A couple weeks ago, my daughter and I were driving out to meet my parents and grandmother for lunch, and we were talking about what Xoe might want to do after college. She still dreams of writing and illustrating, yes, but she knows it could take a while for that to pay the bills. And, she said, her Bible study group had been talking a lot about making sure what they choose to do matters. That whatever profession they pursue, it’s a service to others.
I smiled to hear her saying this, because it’s something David and I have talked about endlessly over the years. (I didn’t point out that she’s no doubt heard us talking about this approximately a thousand times, LOL. I totally get she has to encounter it for herself, in her own life, in her own way, and make it her own through that encounter.)
As we drove, we talked through how the path she’s considering–linguistics–indeed is (or can be) a huge service, how it can make a difference. How important communication and understanding really is.
That evening, as David and I were driving to a book study at church, I relayed bits of my conversation with Xoe, and he added to it a question he’d just heard on a podcast that day. A question that neither of us had ever thought to ask before about our businesses:
“Where do you see your business being in three hundred years.”
That one got a pause from me, I’ll admit it. I was expecting three years. Maybe even thirty. But three hundred? Wow. That’s a scope I’d never considered. How many businesses even make it that long?
But it’s a question that makes the mind start spinning, isn’t it?
In three hundred years, will we, all our work, be forgotten? Or will we have made a lasting impression on the world? Obviously we aren’t all going to participate in country-shaping events or become national heroes or set records that will still be set then. But are we building legacies that last, doing service that will make a mark?
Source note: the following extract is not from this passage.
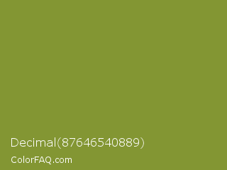Decimal 87646540889 Color is a normal lime color and the nearest color is Sycamore #908d39. Hex code #839633 and RGB value is rgb(131,150,51). In RGB color space, this color is composed of 51% red, 59% green, 20% blue, In CMYK color space, this color is composed of 13% cyan, 0% magenta, 66% yellow , 41% black , In HSL color space, this color has a hue angle of 72° , 49% saturation and 39% lightness.

Honestly, we haven’t yet talked through what that would mean for our company, but given that we work in books, it’s a concept worth exploring. Books can last long beyond the writers go home to be with the Lord. Our words, our thoughts, the stories that have shaped our hearts can continue to shape others. If.
If.
If they’re stories that continue to resonate. If they elucidate a truth that can shine through the darkness for ages to come. If we speak to the unchanging heart of humanity.
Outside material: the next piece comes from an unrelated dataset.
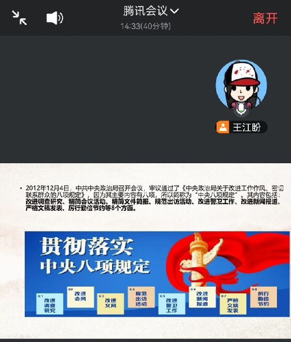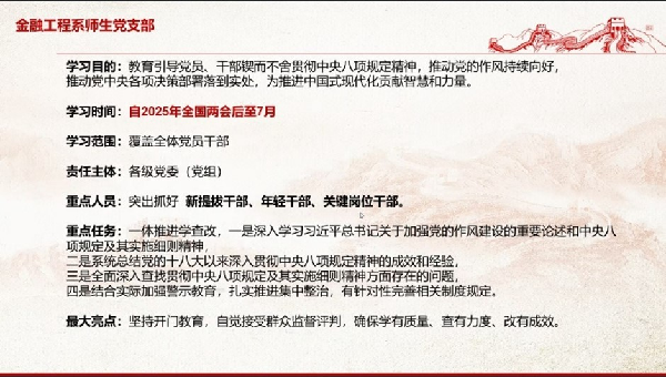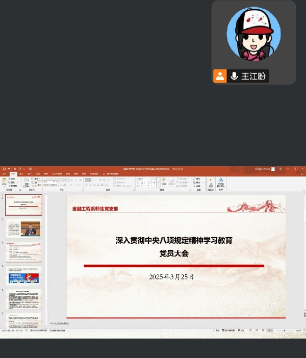 为深入贯彻习近平总书记关于加强党的作风建设的重要论述,落实党中央关于在全党开展“深入贯彻中央八项规定精神学习教育”的部署,金融工程系师生党支部于2025年3月25日下午在线上召开了党员大会,专题学习中央八项规定精神,进一步推动党的作风持续向好,确保党中央各项决策部署落到实处,本次会议由王江盼主持。

Will any of our books outlast us that long? Any of mine? Will our company live on after we do? I don’t know.
But it’s worth working for. Worth writing for. Worth reading for.
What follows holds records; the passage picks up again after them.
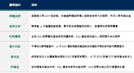 美國聯準會(Fed)11月宣布縮減購債,加上油價續揚增添通膨擔憂,美國10年期公債殖利率震盪,10月份投資級與非投資等級的ESG債券*皆呈現下跌。此外,股市修正後恢復上漲、成長型股如科技股與景氣循環類股如金融、消費等輪番回彈,ESG 股市**整體收漲。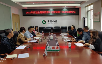 2022 年 9 月 21 日上午,昭通市计划生育协会党组书记、常务副会长蒙志强一行到中国人寿昭通分公司参加“2022年第三季度计划生育家庭意外伤害保险联席会”。昭通市计划生育协会副会长兼秘书长陈明乾、中国人寿昭通分公司总经理董光祥、中国人寿昭通分公司副总经理张萍及相关工作人员参加会议。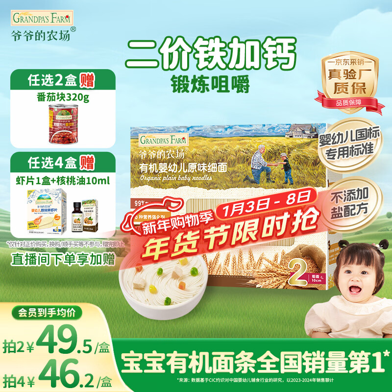 爷爷的农场有机婴幼儿原味细面240g宝宝辅食国家婴标婴儿面条钙铁锌6-12个月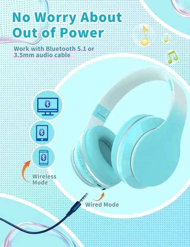 [(Wireless&Wired Mode)] With Bluetooth 5.1 technology, these kids wireless headphones are compatible wi

I don’t write the books I do so that future generations will read them–honestly, I have no idea if my books will continue to be of interest to people in decades or centuries to come. So many are being published these days, mine are just a few among many. One voice in a multitude. I believe that voice matters, and I will follow the call of the Lord to use it, to keep sharing the stories He gives me.
And I will give them my all. I will make them the best I can. I will strive, always, to share His truth–because that is what lasts decades, centuries, millennia. My deepest prayer is to partake of that, of Him.
The day after those conversations with Xoe and David, we had a power outage in the evening. Two different people that week had mentioned reading and loving The Shadow’s Song, one of my biblicals for Guideposts that came out a couple years ago. I couldn’t honestly remember much of the book–I hadn’t read it since I first turned it in. So, with nothing else I could really do but with a fully-charged laptop battery, I opened up my file and started reading.
This was a book I wrote quickly, as one of many due that year. It’s short. Didn’t take me long to read. But as I read it, I had so many moments where I thought, “Wow, that was really insightful. Whoa, I didn’t even remember that. Hey, this is actually really good.” LOL. Silly, I know, for one of my own books…but important. Important to remind myself that even these quick little stories that I write in the course of a week mean something. They still have my heart in them and, more importantly, seek the Lord’s.
That’s what I have to make sure everything does. All the work of my hands. All the work of my mind. All the work of my soul. Only when it points to Him is it worthy. Only then will it stand the test of time.
Everything we do needs to have that purpose. And that is when we know we’ll leave a legacy behind us.